Demand – Consumption
Apples are the most consumed fruit in the U.S., followed closely by oranges. In 2015 the average U.S. per person consumption of all forms of apples had increased to about 28 pounds. The per person consumption of apple juice and cider decreased to 14 pounds. The consumption of fresh market apples in 2015 accounted for 10.7 pounds (ERS, 2015). Factors contributing to increased apple and apple product consumption include new varieties, rising incomes, production expansion in the United States, a growing and more diverse population, products that better meet consumer lifestyles and increased awareness of including fruit in a healthy diet.
The United States is the second largest apple producer worldwide, behind China. U.S. production is followed by Poland, Italy and France. The United States grows approximately 200 unique apple varieties. The top 10 varieties in the U.S. are Red Delicious, Gala, Granny Smith, Fuji, Golden Delicious, Honey Crisp, McIntosh, Rome, Cripps, Pink/Pink Lady and Empire (U.S. Apple Association, 2018). The United States has 7,500 apple producers who grow, on average, 240 million bushels of apples each year. These producers grow the apples on an approximated 322 thousand acres of land (U.S. Apple Association, 2018).
Approximately one of every four apples that is grown in the United States is exported. Top export markets, in 2014/2015, included Mexico, Canada, India, Taiwan, United Arab Emirates, Hong Kong, Vietnam, Indonesia, Saudi Arabia and Thailand (U.S. Apple Association, 2018).
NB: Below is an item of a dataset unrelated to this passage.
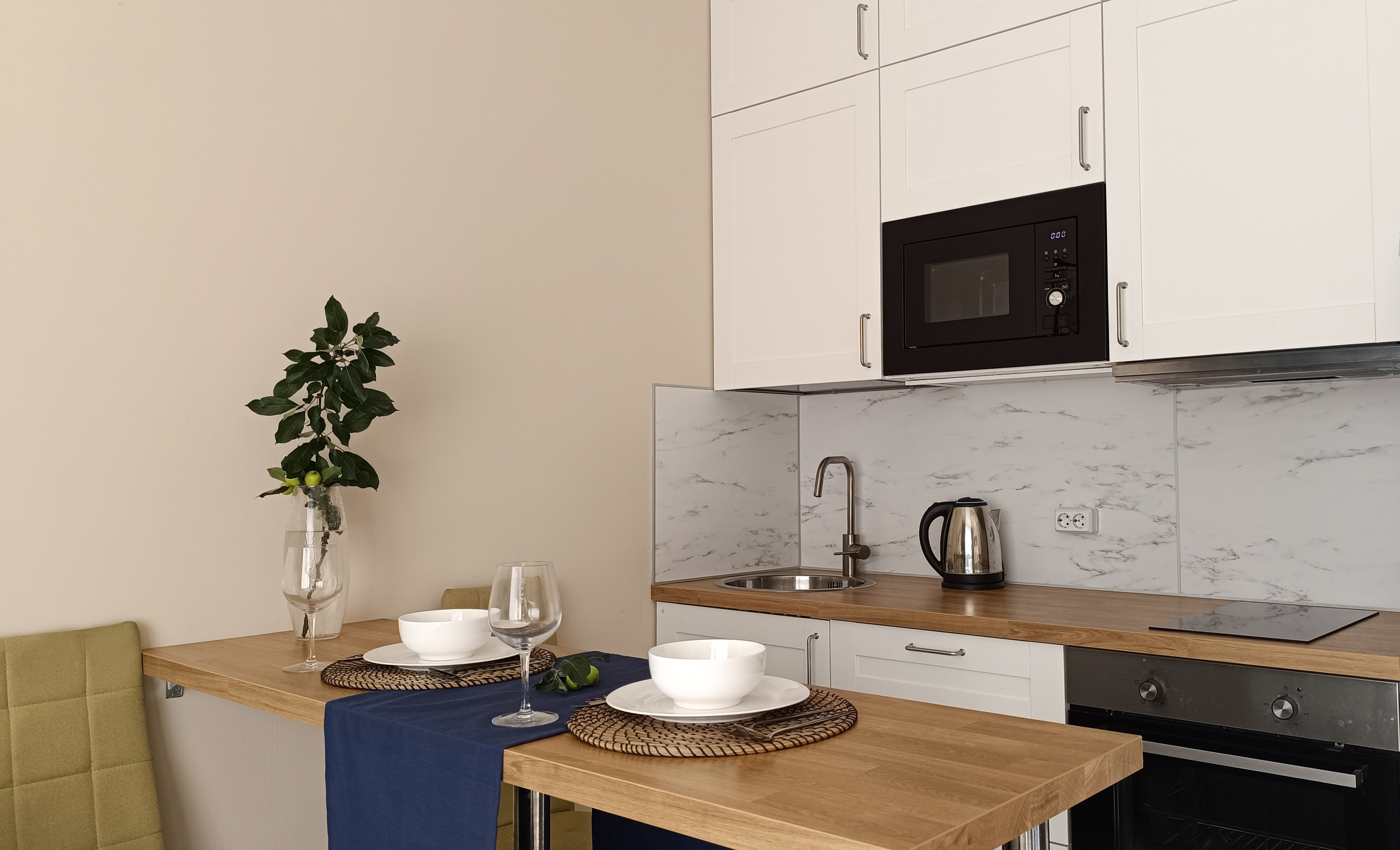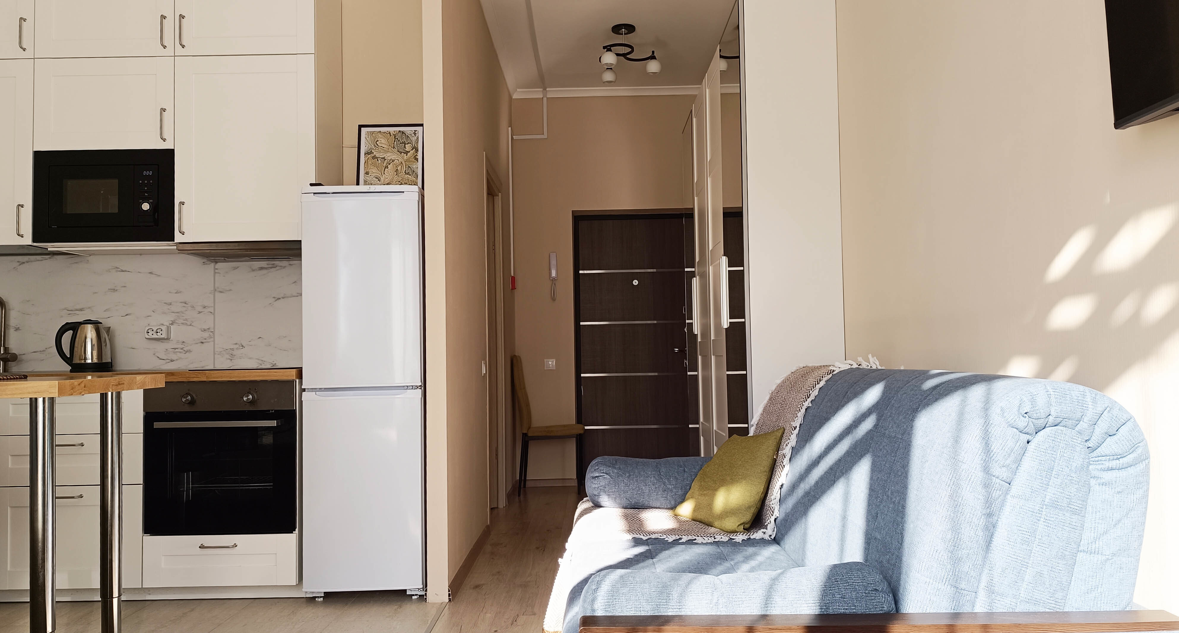 - плита, микроволновка, духовка, чайник, холодильник;

The United States does import fresh apples to make up for lack of production in the late season or before fall harvest. Many of these apples are imported from the Southern Hemisphere. Only five percent of the apples consumed in the United States are imported (U.S. Apple Association, 2018).
The United States faces increasing competition from foreign producers of apples, including Chile, Brazil, South Africa, New Zealand, the European Union and eastern European countries. Foreign competition affects the market price and sale of apples in the United States. The development of apple cultivars for new and traditional markets has contributed to much of the industry’s growth and economic viability. That is why it is important for the U.S. apple industry to continue the rapid deployment of new, viable apple cultivars. Apples face increased competition from imports of other fruits, such as grapes, peaches, nectarines and plums from Chile. More choices for consumers in supermarkets have led to greater competition for domestically produced fruits.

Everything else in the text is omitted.